Hey there,
I've been wondering if there is any image editor out there (or maybe a plug-in for an existing image editor), preferably freeware, where the user can press or hold a key to activate a zoom reticle over a very localized area.
The point being: while helping my users via remote control, I often want to take screenshots of a specific window to document the issues they're having, however I can't exactly do that with Alt+Printscreen due to the active window on my end being the remote control software's.
So what I do is take screenshots of my whole monitor, which I then have to crop as I want to show only the relevant window(s).
However, I'm a bit of a maniac when it comes to cropping, and as much as possible, I want to avoid having a few lines of pixels that aren't part of the window showing on the edges, or the window's picture to have missing pixels — yeah, I should probably take some kind of medication for that ^^'.
So I use the zoom feature from whichever picture editor I have at hand, so I can see the individual pixels while making my rectangular selection, but then the whole picture is zoomed in and unless it's actually quite small, I can't see both the top left and bottom right corner at the same time, which is annoying.

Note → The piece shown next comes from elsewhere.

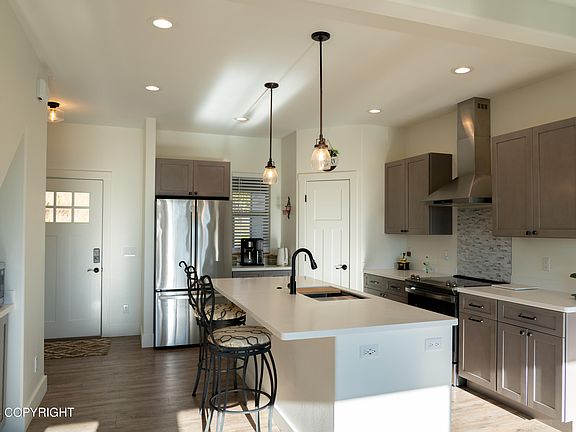 Furnished and situated in a new subdivision, this property seamlessly blends modern living with the natural beauty of Homer.Thoughtfully designed, this 1,840 square foot contemporary home features three bedrooms and two bathrooms. The functional layout includes two primary suites--one on each floor--ensuring privacy for all guests.If you love to entertain, the kitchen and dining area are perfect for you. The versatile layout accommodates a large table or a cozy sitting area, making it ideal for connecting with guests. With an additional living space upstairs and two outdoor areas, this home is designed for gatherings of any size. You'll have plenty of room to host everything from intimate get-togethers to larger celebrations, allowing you to enjoy time with family and friends. All furnishings & appliances included! Enjoy stunning views of the bay, mountains, and Homer Spit, all from this conveniently located home near the hospital, schools, and shopping. A complete list of builder details and upgrades available!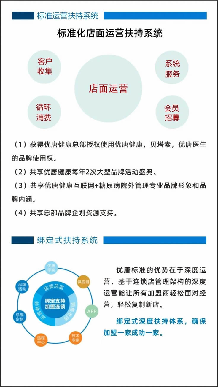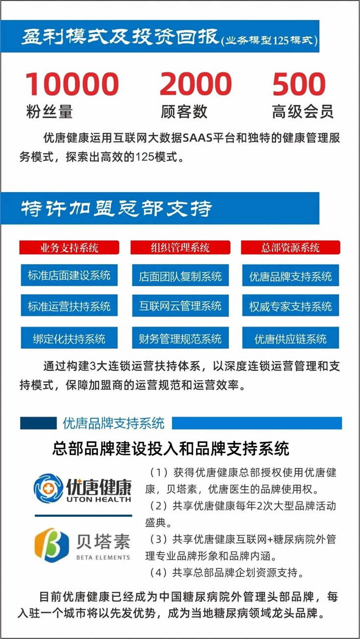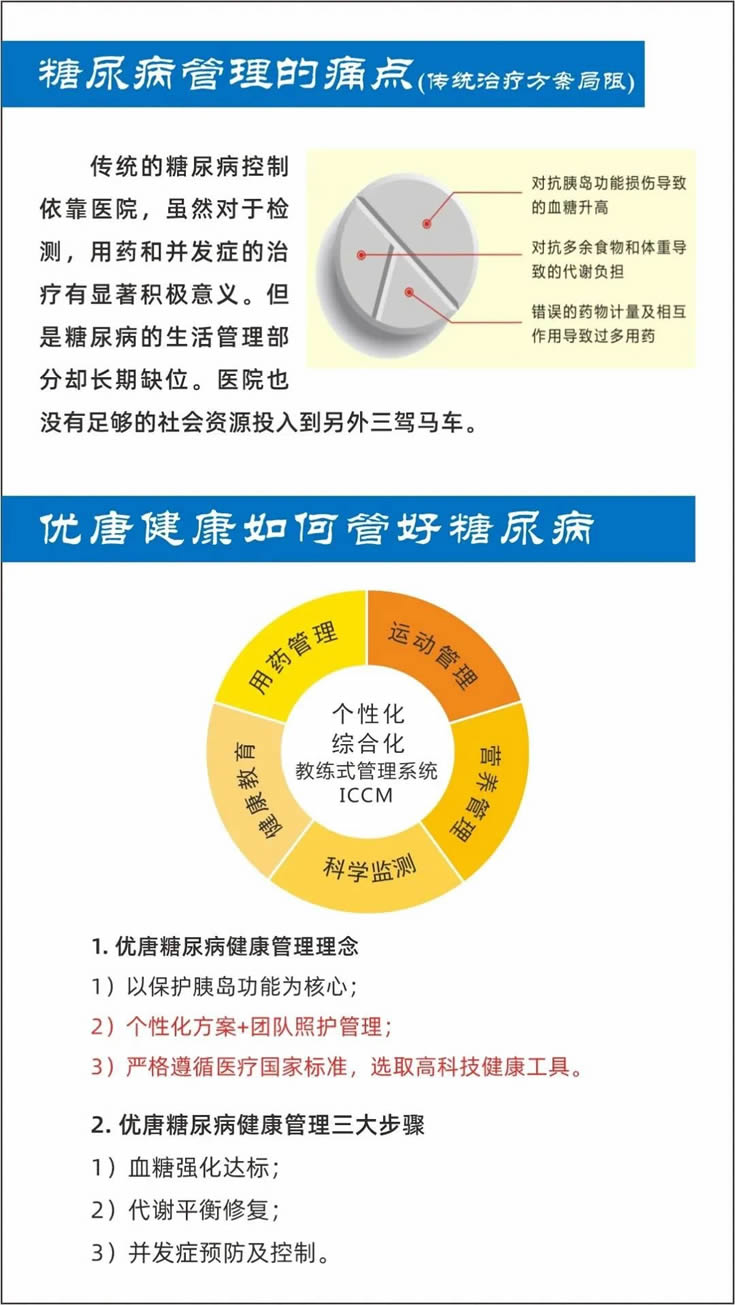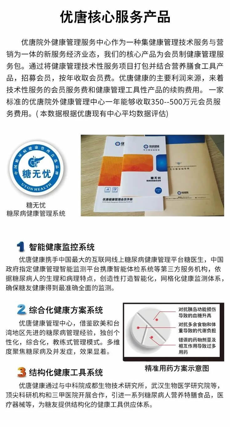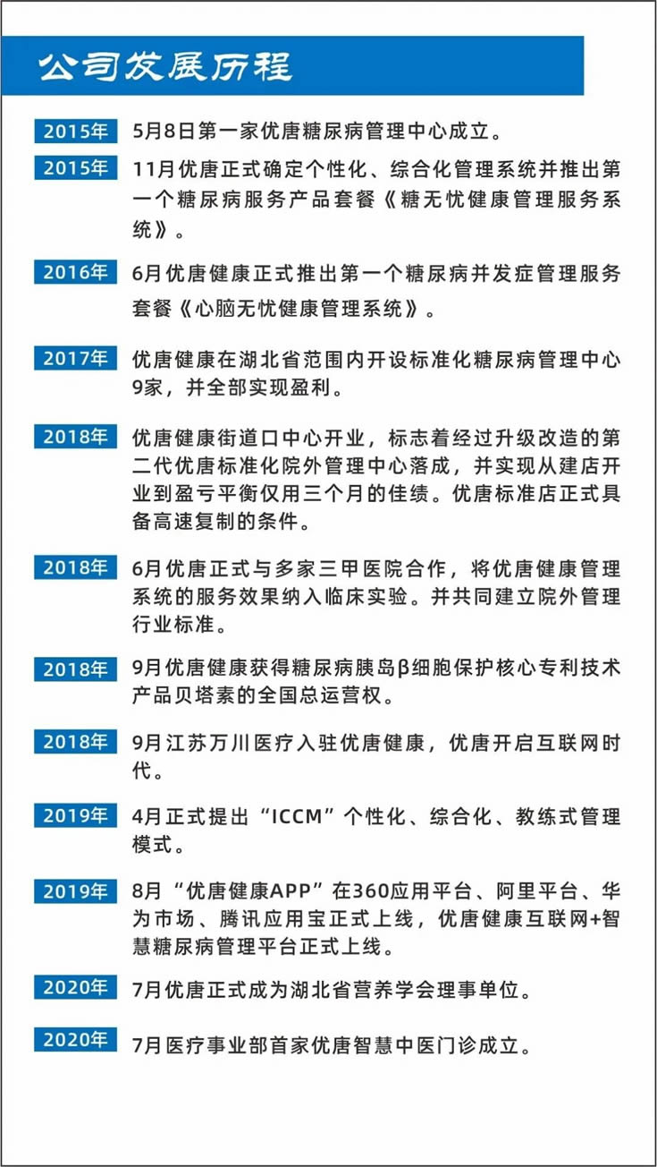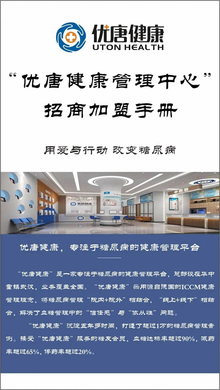 湖北優(yōu)唐健康管理有限責任公司是由湖北省知名醫(yī)藥連鎖集團健康人醫(yī)藥集團、江蘇萬川醫(yī)藥集團等多家集團公司戰(zhàn)略投資控股的國內(nèi)第一家綜合型糖尿病健康管理專業(yè)機構,公司專注于通過領先的健康管理科技、工具和服務,建立完整的糖尿病系統(tǒng)解決方案,經(jīng)過高速發(fā)展,優(yōu)唐健康已經(jīng)發(fā)展成為集健康管理服務、健康管理技術輸出、健康工具銷售、健康管理中心連鎖加盟為一體的糖尿病健康管理服務平臺。

Thus the idea of a zoom reticle which could be activated and deactivated with a keypress (or by holding a key).
I did try using Windows' magnifying glass, but its zoom is blurry and not "pixel perfect" — I guess they wanted it to have some kind of antialiasing.
Does anyone know of an image editor which includes that feature, or has/could have a plug-in which does that?
Failing that, maybe an alternate magnifying glass software which could be enabled and disabled from the keyboard (so I don't need to move the mouse to disable it), and if possible would even allow slowing the mouse movement when it's active? Obviously, it should allow to see exactly where the mouse cursor is.